▶ **Data for this task**
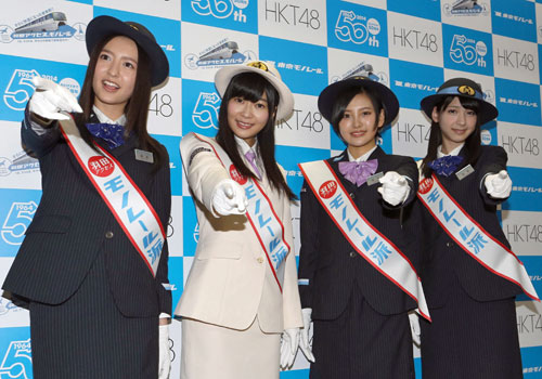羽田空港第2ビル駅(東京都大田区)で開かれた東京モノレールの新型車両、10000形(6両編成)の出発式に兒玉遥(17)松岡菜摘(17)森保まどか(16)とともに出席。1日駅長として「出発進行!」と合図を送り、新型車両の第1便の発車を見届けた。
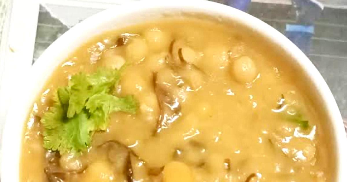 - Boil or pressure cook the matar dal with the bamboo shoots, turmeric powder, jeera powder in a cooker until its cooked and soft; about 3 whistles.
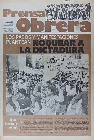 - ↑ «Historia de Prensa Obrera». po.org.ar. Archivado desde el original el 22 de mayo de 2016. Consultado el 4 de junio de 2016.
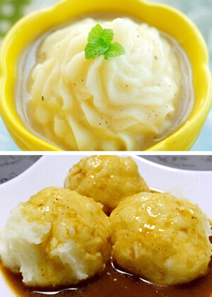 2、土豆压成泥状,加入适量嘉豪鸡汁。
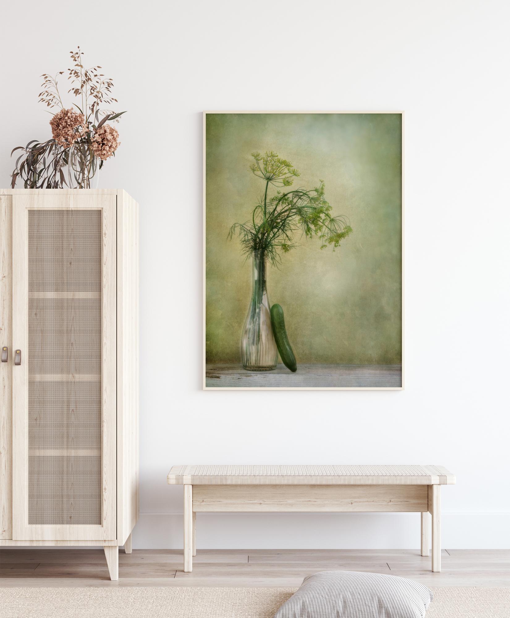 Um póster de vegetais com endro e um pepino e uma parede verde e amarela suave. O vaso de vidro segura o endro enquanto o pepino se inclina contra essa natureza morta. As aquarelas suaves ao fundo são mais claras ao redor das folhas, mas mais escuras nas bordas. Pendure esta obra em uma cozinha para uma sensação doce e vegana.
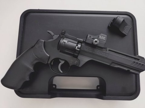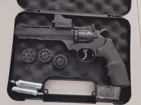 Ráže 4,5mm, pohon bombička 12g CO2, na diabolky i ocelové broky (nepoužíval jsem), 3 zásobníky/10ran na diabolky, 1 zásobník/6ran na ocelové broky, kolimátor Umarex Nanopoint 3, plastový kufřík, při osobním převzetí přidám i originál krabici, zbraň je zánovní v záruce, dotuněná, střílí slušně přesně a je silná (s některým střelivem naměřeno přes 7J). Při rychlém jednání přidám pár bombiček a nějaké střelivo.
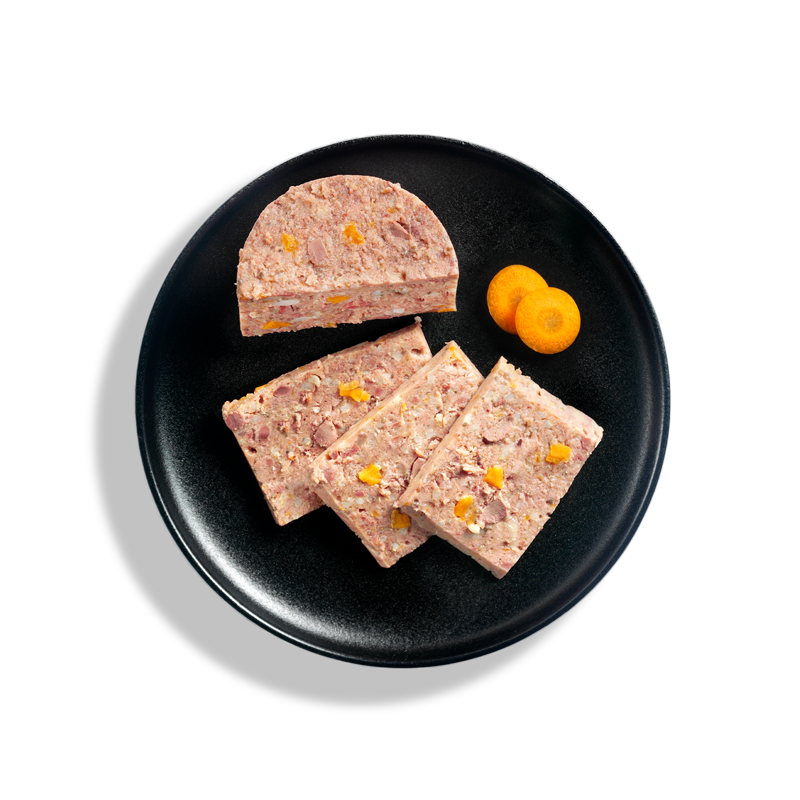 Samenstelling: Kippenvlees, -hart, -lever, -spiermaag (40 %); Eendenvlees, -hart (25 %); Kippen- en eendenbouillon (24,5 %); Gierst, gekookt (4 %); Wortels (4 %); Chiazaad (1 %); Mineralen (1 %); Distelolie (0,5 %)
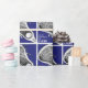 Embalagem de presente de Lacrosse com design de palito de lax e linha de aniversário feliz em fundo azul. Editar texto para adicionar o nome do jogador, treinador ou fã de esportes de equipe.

▶ **Exercise details**
All of the data is to be reproduced exactly, with the pictures left out.

▶ **Exercise answer**
羽田空港第2ビル駅(東京都大田区)で開かれた東京モノレールの新型車両、10000形(6両編成)の出発式に兒玉遥(17)松岡菜摘(17)森保まどか(16)とともに出席。1日駅長として「出発進行!」と合図を送り、新型車両の第1便の発車を見届けた。
 - Boil or pressure cook the matar dal with the bamboo shoots, turmeric powder, jeera powder in a cooker until its cooked and soft; about 3 whistles.
 - ↑ «Historia de Prensa Obrera». po.org.ar. Archivado desde el original el 22 de mayo de 2016. Consultado el 4 de junio de 2016.
 2、土豆压成泥状,加入适量嘉豪鸡汁。
 Um póster de vegetais com endro e um pepino e uma parede verde e amarela suave. O vaso de vidro segura o endro enquanto o pepino se inclina contra essa natureza morta. As aquarelas suaves ao fundo são mais claras ao redor das folhas, mas mais escuras nas bordas. Pendure esta obra em uma cozinha para uma sensação doce e vegana.
 Ráže 4,5mm, pohon bombička 12g CO2, na diabolky i ocelové broky (nepoužíval jsem), 3 zásobníky/10ran na diabolky, 1 zásobník/6ran na ocelové broky, kolimátor Umarex Nanopoint 3, plastový kufřík, při osobním převzetí přidám i originál krabici, zbraň je zánovní v záruce, dotuněná, střílí slušně přesně a je silná (s některým střelivem naměřeno přes 7J). Při rychlém jednání přidám pár bombiček a nějaké střelivo.
 Samenstelling: Kippenvlees, -hart, -lever, -spiermaag (40 %); Eendenvlees, -hart (25 %); Kippen- en eendenbouillon (24,5 %); Gierst, gekookt (4 %); Wortels (4 %); Chiazaad (1 %); Mineralen (1 %); Distelolie (0,5 %)
 Embalagem de presente de Lacrosse com design de palito de lax e linha de aniversário feliz em fundo azul. Editar texto para adicionar o nome do jogador, treinador ou fã de esportes de equipe.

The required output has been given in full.